If more information is needed, I'm happy to send the database dump,
altough the system being a confidential production system I need to
make sure the dump will not be disclosed to any third parties.
Thanks,
Saku Airila, saku@bitblit.fi
Systems Engineer, Bitblit Oy, Helsinki, Finland
Sample Code
No file was uploaded with this report
pgsql-bugs@postgresql.org writes:
Problem description:
The nightly cron jobs return me the following message:
----
dumpClasses(): command failed. Explanation from backend: 'pqReadData() -- backend closed the channel unexpectedly.

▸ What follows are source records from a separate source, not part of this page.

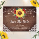 Dessa spara datum-kort har en rustik solros- och röd ros akvarellblommig design med spets, strängljus och trädgårdsbakgrund. De är en del av en samling som inkluderar ett komplett utbud av matchande bröllopsinbjudningar och brevpapper. Besök vår butik för att se hela utbudet av artiklar som du kan anpassa för ditt bröllop.
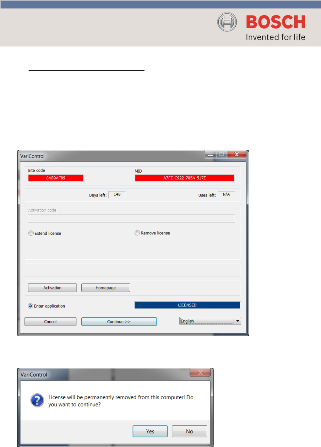 Mark the Remove license radio button, fill in the Activation code and press “Continue >>”.
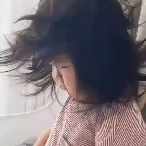 Menina com cabelo castanho e camisa rosa, fazendo careta com os olhos fechados e boca aberta, mostrando os dentes.
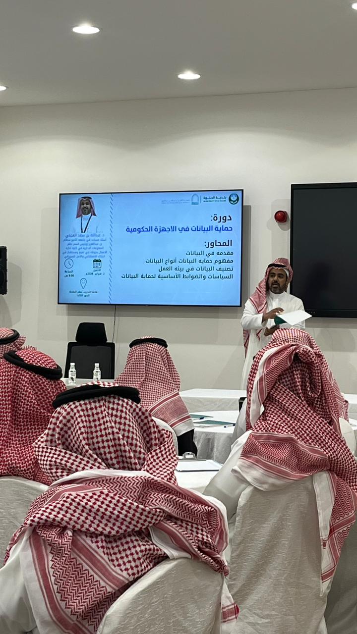 The college, represented by the Community Service Unit, organized a training program titled “Data Protection in Government Agencies” on Monday 15/8/1447 AH, targeting employees of Al‑Hilwah Municipality. The program was delivered by Dr. Abdullah bin Saad Al‑Ajmi.

This probably means the backend terminated abnormally
before or while processing the request.
Can't tell much from this. What would be useful is to look at the
postmaster log and a stack backtrace from the crashed backend.
The default startup script for your RH probably sends the postmaster
log file to the bit-bucket, so you'll have to change it. Make sure
the postmaster is invoked without -S switch, and redirect its stdout
and stderr to some handy log file, etc
postmaster -i -D wherever >/full/path/to/logfile 2>&1 &
(The extra & at the end is needed if you don't use -S.)
If you don't see a core file in $PGDATA/base/yourdb/core, then you
probably also need to add "ulimit -c unlimited" to the postmaster
start script, to allow dumping core from the postmaster and its
child processes.
Let us know when you have more detail ...
regards, tom lane
PS: BTW, it would probably save time all around if you first update
to Postgres 7.0.3 and then see if the bug is still there.